Many personalities in India actually attempted, in the words of famed physicist Satyendranath Bose, ‘the unprecedented synthesis of scientific temper and spirituality.’ Notable among them were Jagadish Chandra Bose (1858-1937) and Prafulla Chandra Ray (1861-1944). Unlike Nehru, both Jagadish Chandra Bose and Prafulla Chandra Ray did not deride Indian traditions, and were among the first to demonstrate how ancient Indian thought systems are compatible with modern notions.

jpYet why don’t we hear much about them? Indeed, many educated under the Nehruvian scheme of “education,” don’t even know these scientists existed. The answer is given by Ashok Malik:

Post-independence, the Congress establishment sought to rewrite history in its own image. It determinedly underplayed the role of the early Indian elites — the Poona Brahmins, Bombay’s Parsi constitutionalists, Calcutta’s Bengali and Brahmo activists — who had dominated public life prior to the Mahatma’s mass politics.

As the Congress set out to establish that there was no history and no freedom struggle before Gandhi, and no politics and no consciousness of modern India before Nehru, these pioneer groups became expendable. The Marxist historians who actually wrote the textbooks had their own theories.

Vinod Mehta concludes his article with the following claim:

 If Nehru’s legacy is the real obstacle holding India back, why don’t its adversaries throw it into the wastepaper basket? And govern on the majoritarian doctrine? Not a chance. When it comes to self-preservation, the new rulers are wise. They know they would soon be out of a job, if they abandoned the idea (secularism) which has held the country together.

Mr. Mehta if anyone rubbished Nehru’s legacy it was his own family and party:

1. In your own words, Indira Gandhi robustly encouraged the army to retaliate against Pakistan’s attacks in contrast to her naively pacifist father’s act during the 1962 Sino-Indian war. It was also Indira Gandhi who treadled democracy when she saw it fit.

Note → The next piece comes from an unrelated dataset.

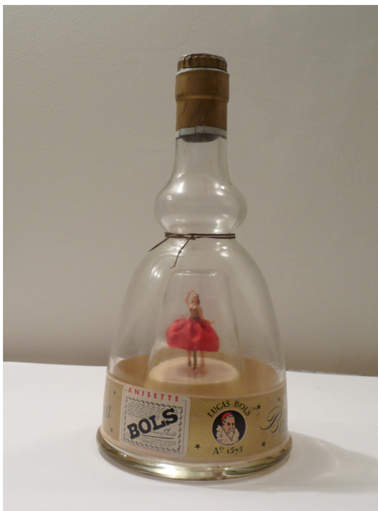
Danseuse interprète "saint esprit"

2. It was the same Congress party which in 1991 decided to throw Nehruvian socialism in the furnace of history and embark on economic reforms. Indeed, if it had the same conviction in Nehruvian socialism that held it in power for so long, why did it discard it?

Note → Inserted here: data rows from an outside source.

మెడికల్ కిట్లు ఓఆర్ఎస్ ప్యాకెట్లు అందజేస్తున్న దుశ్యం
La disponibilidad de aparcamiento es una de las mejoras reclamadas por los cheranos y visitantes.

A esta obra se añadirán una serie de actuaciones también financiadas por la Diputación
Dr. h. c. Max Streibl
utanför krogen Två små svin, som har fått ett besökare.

3. Finally, it is Nehru’s great grandson who by complimenting Gujarat’s women for giving excess milk, empowering Venezuelan women, asking Dalits to attain the velocity of Jupiter and other absurdities, did his best to put the Nehru clan in such a horrible light that the combined power of Vinod Mehta’s pet hate, the Sangh Parivar’s combined strength couldn’t manage to do. Indeed, it was Rahul Gadhi’s serial absurdities that handed the Congress its worst ever defeat.

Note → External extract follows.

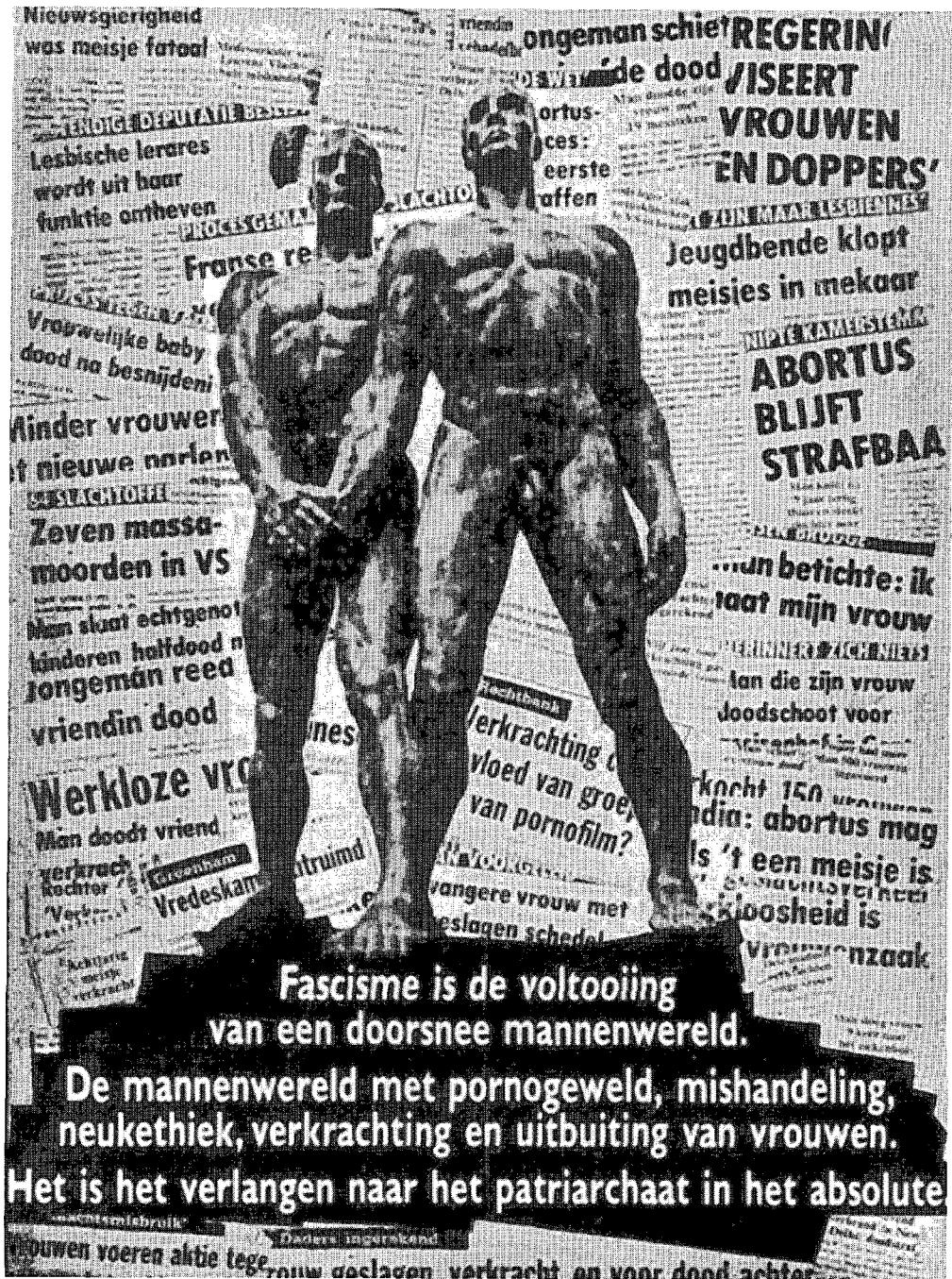
Affiche van Beekst, 1980. Deze Gentse homogroep gebruikte het beeld van de heks omdat er in oude ketterijen een verbondenheid bestond tussen heksen en 'sodomieten' tegen mannen en hun macht

And lastly, India’s “hearty secularism” is a continuation of the traditions set by a 5,000-year old civilizational genius that did not give a monopoly to any single god, and gave every individual a right to choose his path to god. Pandit Nehru was the recipient and not the creator of this ethos, which his devotees have undermined for decades and have created the mess India is now in.

Unlike the Nehruvians, the votaries of the so-called majoritarian doctrine actually take scholarly sustenance from the Indian ethos, so rest assured that the nation is in the right hands. And Mr. Mehta, please do realize that it is the generation of argumentative and skeptical Indians who are debunking the myths of Pandit Nehru unlike what your kind did to the present PM.